Research sheds light on innovative techniques to improve drugs for diseases

In a paper that was just published in Science, scientists from Sweden’s Karolinska Institutet and SciLifeLab explain how they were able to enhance a protein’s capacity to repair oxidative DNA damage while also giving the protein a new role. The researchers’ ground-breaking method may result in better treatments for oxidative stress-related diseases including cancer, Alzheimer’s disease, and lung conditions, but researchers think it has much more promise.

Finding particular pathogenic proteins and developing medicines that include inhibiting them in different ways have long been the foundation of drug research.
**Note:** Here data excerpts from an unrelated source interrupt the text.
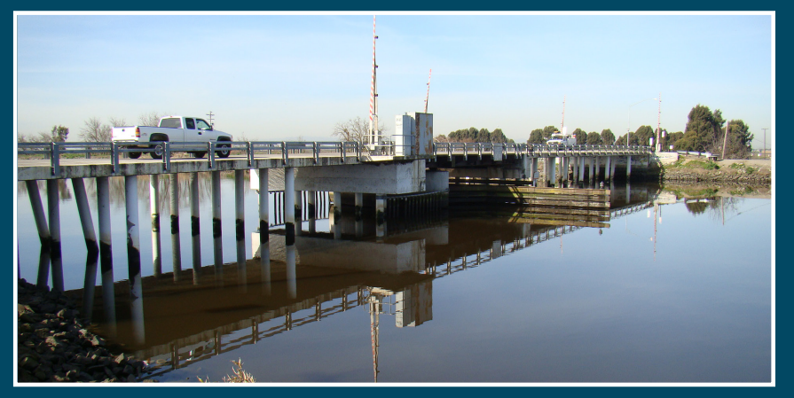
Movable Span Bridge Repairs
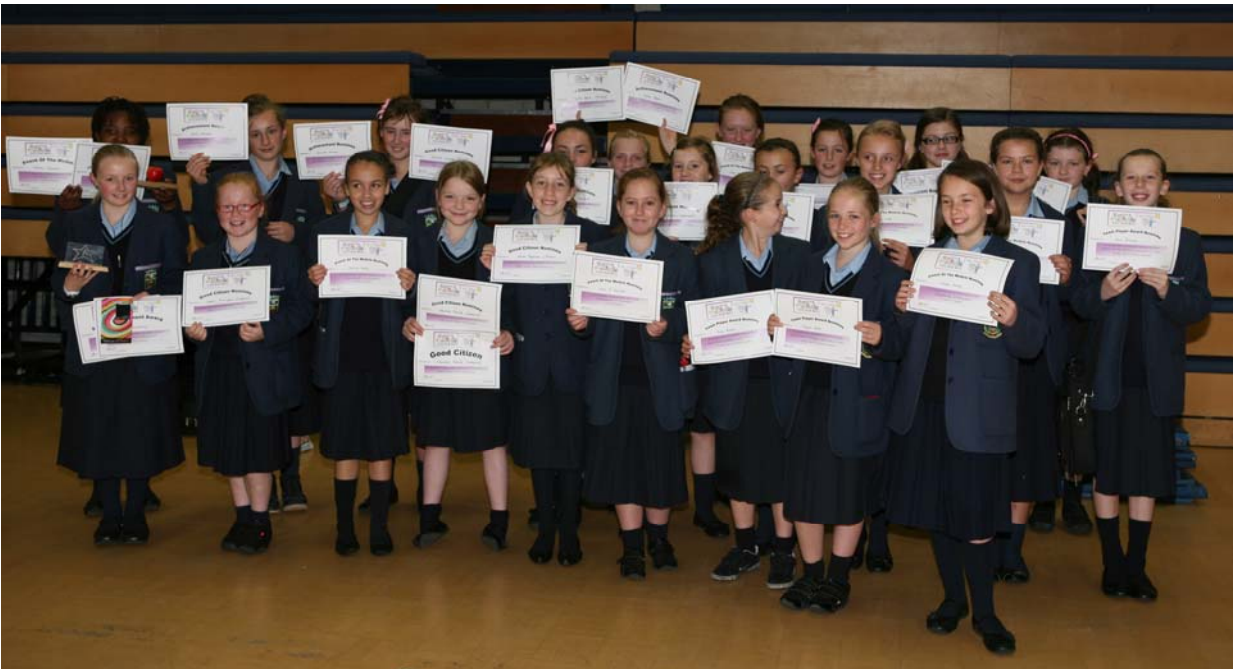
Year 7 'Celebration' ceremony

You will be placed in one of 10 mixed ability form classes. The forms are grouped into 2 bands for organisational purposes. One band is called "B" band for Broughton and the other "H" band for Hall. There is no higher or lower band, they are both equal. Don't worry if you are not with your close friend, everyone soon makes new friends and you'll see each other at break and lunchtime.
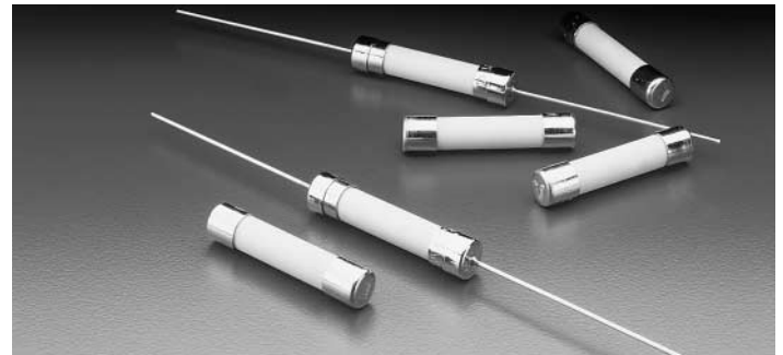
326 000 Series
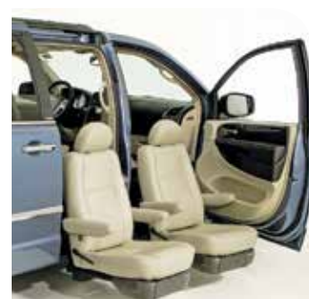
Valet® Signature Seating
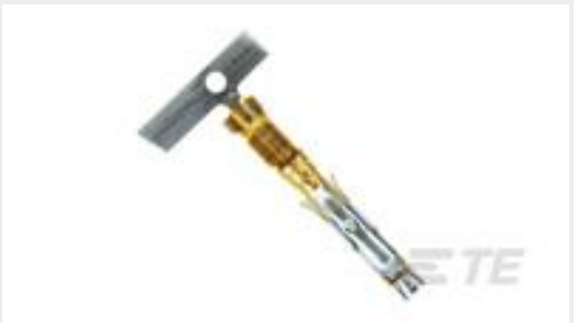
TE Part #1658670-1 PIN CONTACT,22 DF,STRIP,22-28
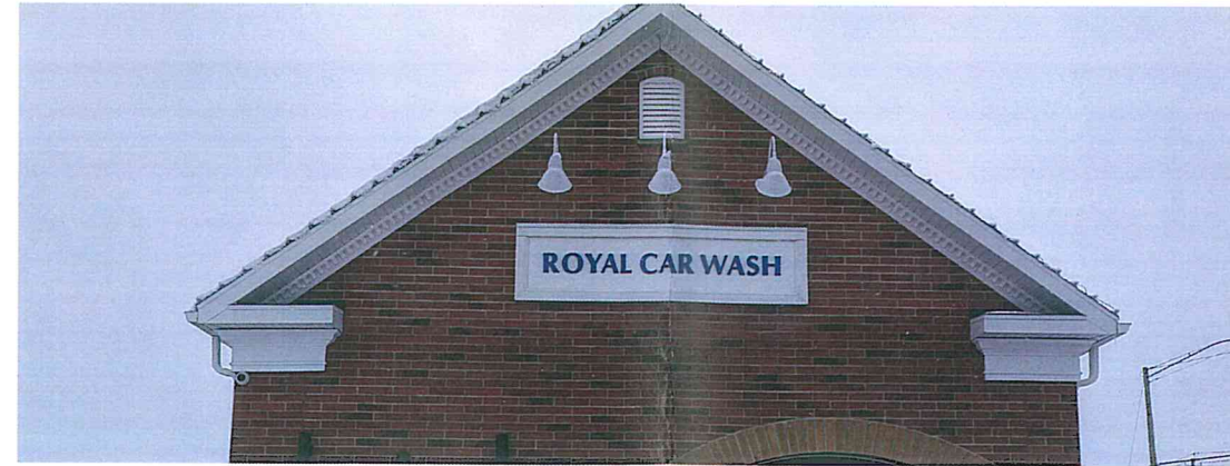
BUILDING MOUNTED SIGNAGE (x2) ABOVE TUNNEL ENTRANCE/EXIT

The loss or reduction in protein function, which many diseases result from, cannot be directly targeted by inhibitors.

Based on a Nobel Prize-winning discovery

The OGG1 protein, an enzyme that fixes oxidative DNA damage and is linked to aging and diseases including Alzheimer’s disease, cancer, obesity, cardiovascular diseases, autoimmune disorders, and lung diseases, was enhanced in the present study by researchers from the Karolinska Institutet.

The team employed an approach known as organocatalysis, a device created by Benjamin List and David W.C. MacMillan, who was honored with the 2021 Nobel Prize in Chemistry. The technique is predicated on the finding that tiny organic molecules may function as catalysts and initiate chemical processes without becoming a component of the result.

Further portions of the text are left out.